Abstract: Secure elements, such as smartcards or trusted platform modules (TPMs), must be protected against implementation-level attacks. Those include side-channel and fault injection attacks. We introduce ODSM, Orthogonal Direct Sum Masking, a new computation paradigm that achieves protection against those two kinds of attacks. A large vector space is structured as two supplementary orthogonal subspaces. One subspace (called a code $\mathcal{C}$) is used for the functional computation, while the second subspace carries random numbers. As the random numbers are entangled with the sensitive data, ODSM ensures a protection against (monovariate) side-channel attacks.

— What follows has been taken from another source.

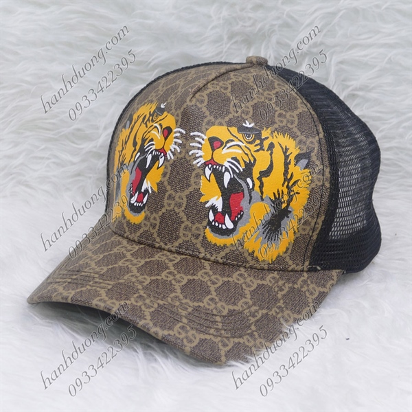 Nón kết lưới thêu họa tiết 2 đầu cọp ngầu, phong cách – Nâu & Đen 2 đầu cọp

The random numbers can be checked either occasionally, or globally, thereby ensuring a fine or coarse detection capability. The security level can be formally detailed: it is proved that monovariate side-channel attacks of order up to $d_\mathcal{C}-1$, where $d_\mathcal{C}$ is the minimal distance of $\mathcal{C}$, are impossible, and that any fault of Hamming weight strictly less than $d_\mathcal{C}$ is detected. A complete instantiation of ODSM is given for AES. In this case, all monovariate side-channel attacks of order strictly less than $5$ are impossible, and all fault injections perturbing strictly less than $5$ bits are detected.

Category / Keywords: implementation /

Original Publication (with minor differences): WISTP 2014

Date: received 25 Aug 2014, last revised 7 Aug 2016

Contact author: sylvain guilley at telecom-paristech fr

Available format(s): PDF | BibTeX Citation

Note: Clearer MAGMA code

Version: 20160807:211143 (All versions of this report)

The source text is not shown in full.